Dolphin are such opportunistic feeders that it sometimes gets them in trouble — debris also collects on the sargassum mats. Researchers have found badminton birdies, plastic bottle caps, plastic straps and rope in the stomachs. There’s no telling what’s liable to end up in a dolphin’s gullet.
Males, called bulls, generally grow at faster rates and eat more than females (cows) do. The largest dolphin are always bulls.
The maximum life span of the common dolphin is four years, but 98 percent will not live past two years.
To guess at the age of a fish, consider its length rather than weight. A 6-month-old dolphin could range from 19 inches to 28 inches, a one-year-old could range anywhere from 23 inches to 55 inches, and two-year-olds range from 31 to 55 inches. There’s plenty of overlap when it comes to age.
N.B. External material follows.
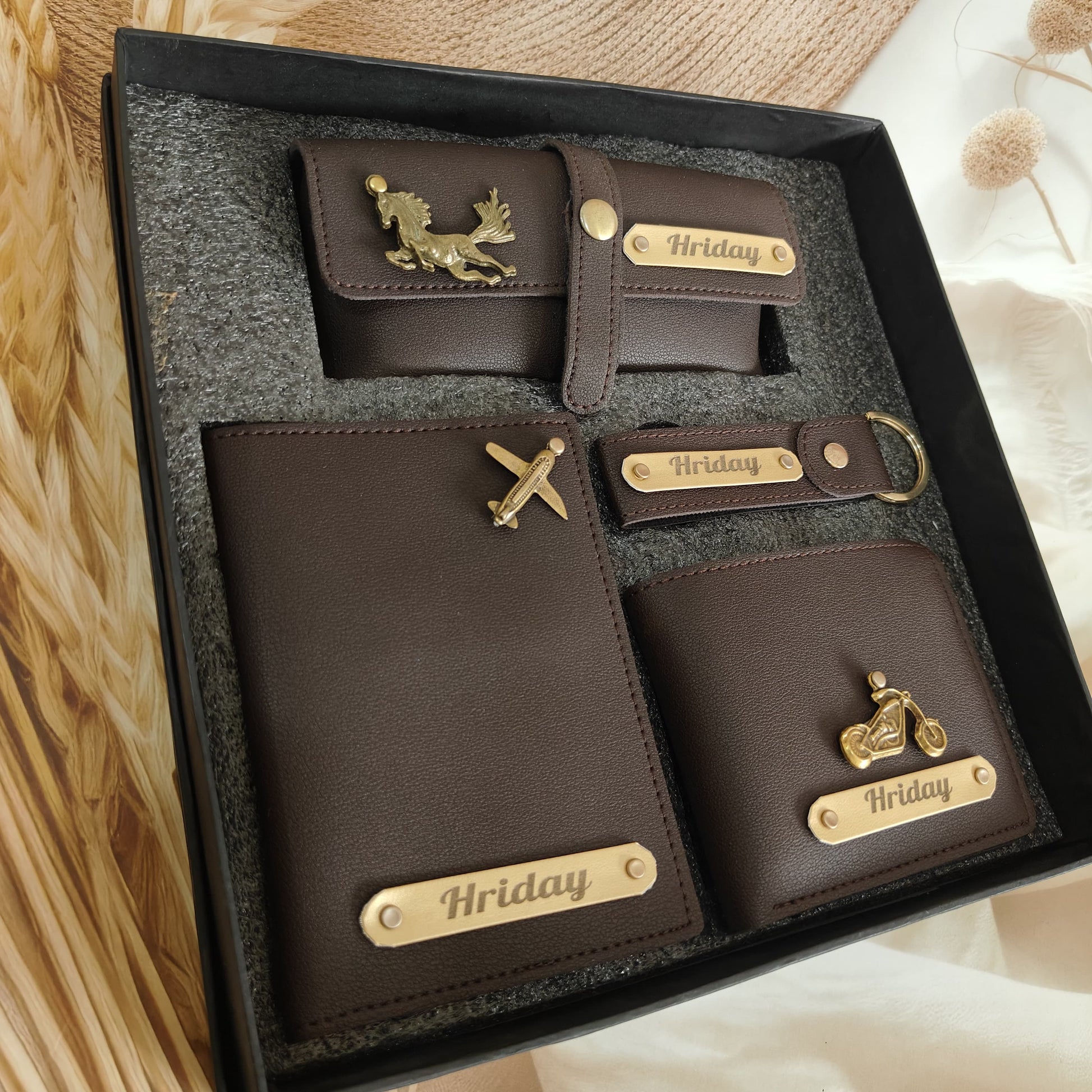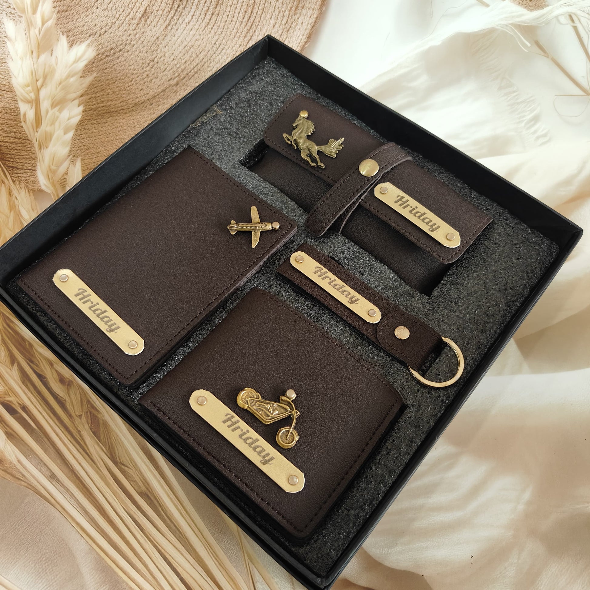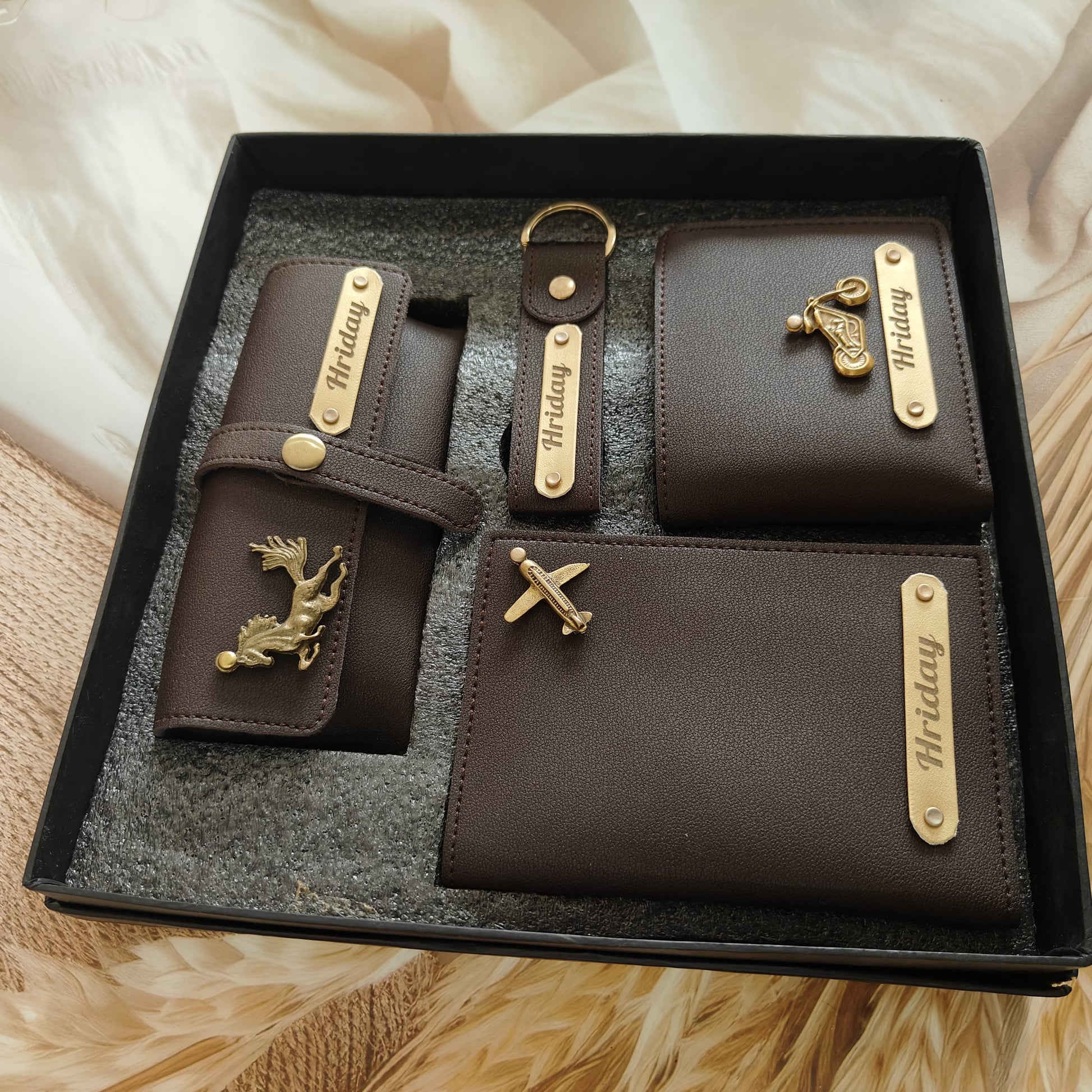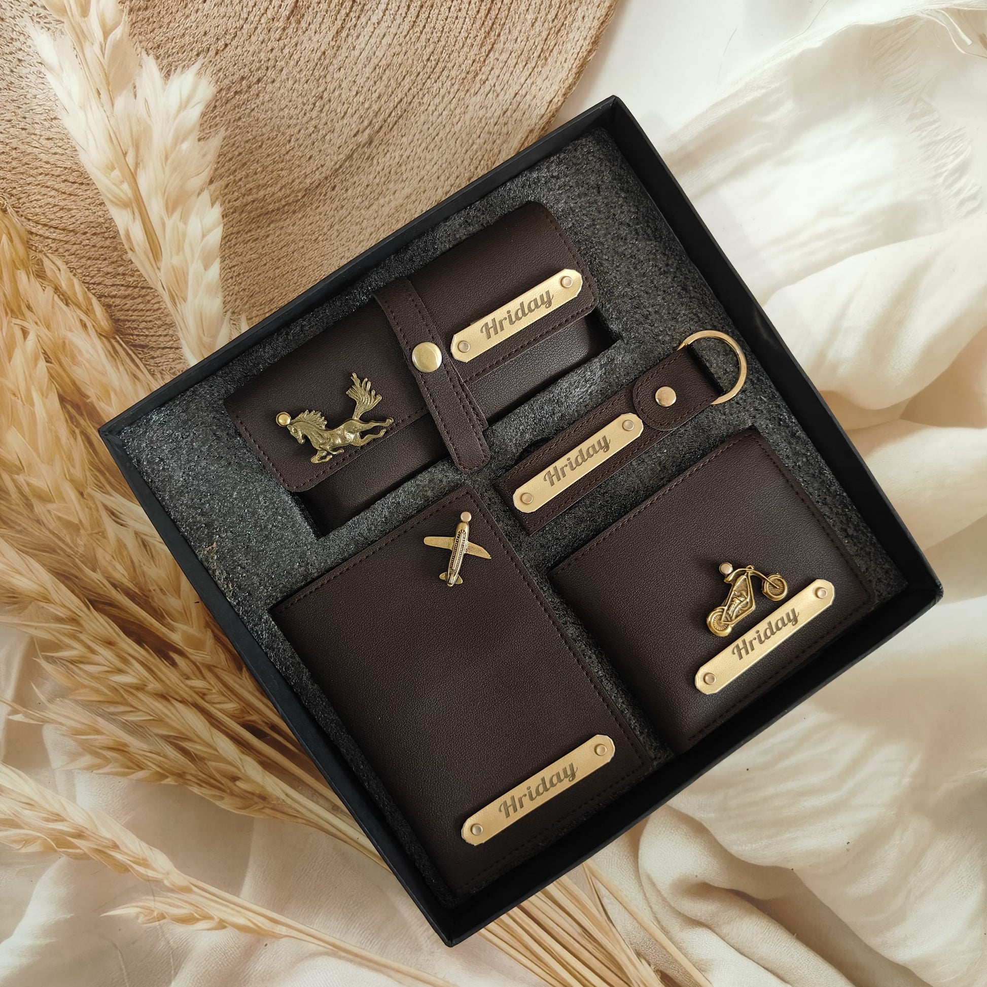 Personalised Premium Leather Imported Men’s Wallet,Keychain, Passport Cover & Eyewear Case | Customised Gift Combo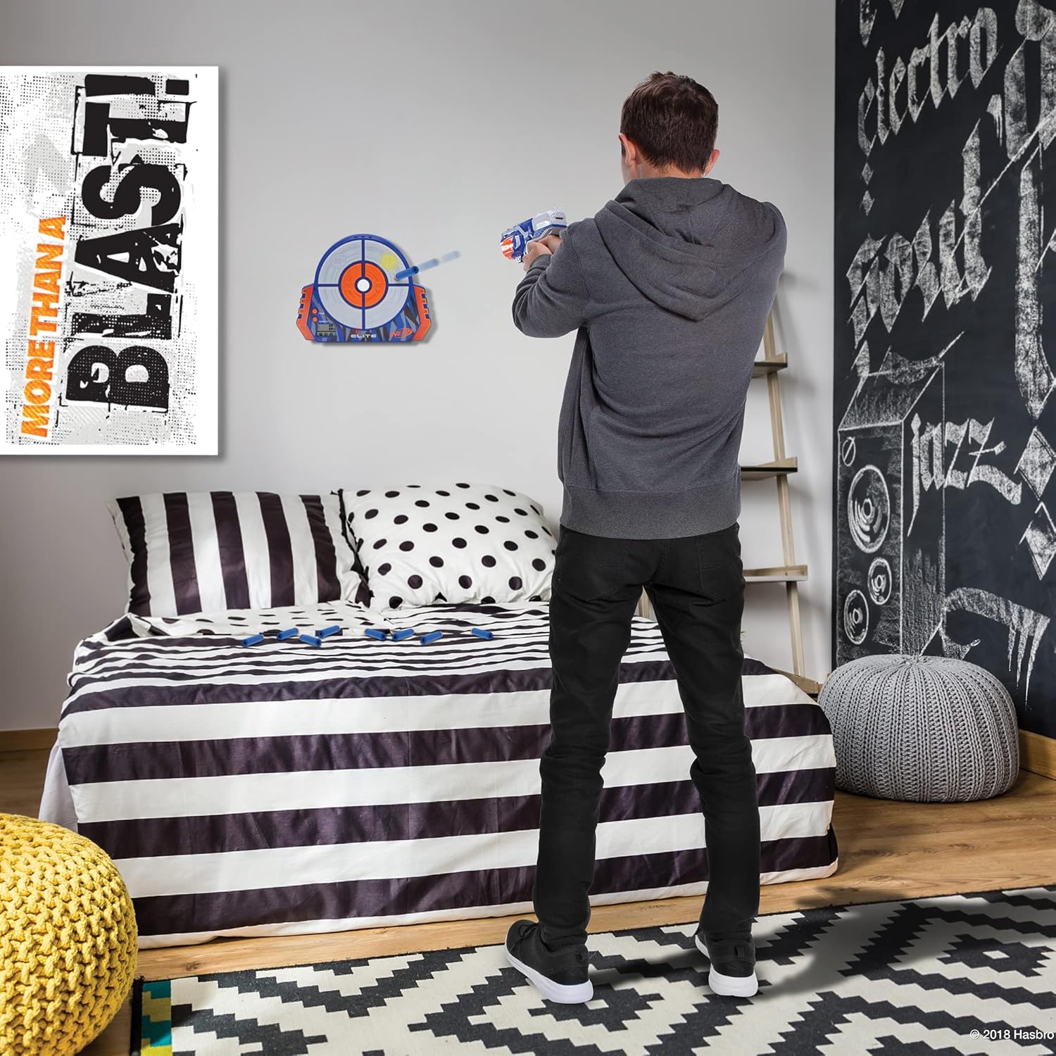 Perfeziona il tuo tiro Bersaglio a batteria con effetti luminosi e sonori e diverse modalità di gioco Allenati quando, dove e come vuoi con il supporto regolabile e il gancio da parete Preparati per la prossima battaglia con altri accessori e accessori NERF Elite Nota importante: sono necessarie 3 batterie AA da 1,5 V (non incluse)

A less-well-known dolphin called the pompano dolphin, Coryphaena equiselis, is distinguishable from the common dolphin by body depth: The depth of the common dolphin is less than 25 percent of its standard length, while the pompano dolphin’s body depth is greater than 25 percent, according to Florida Museum of Natural History. The pompano dolphin also has a large, square tooth patch covering most of the width of the tongue.
All dolphin reach sexual maturity within a year of growth, sometimes as early as four to five months, or 8 inches in length. And they’re not picky about spawning regularly, as evidenced by the presence of ripe females and larva in waters of the tropics, Florida and the southern Gulf of Mexico all year. Still other areas, such as North Carolina, see spawning fish at least certain times of the year.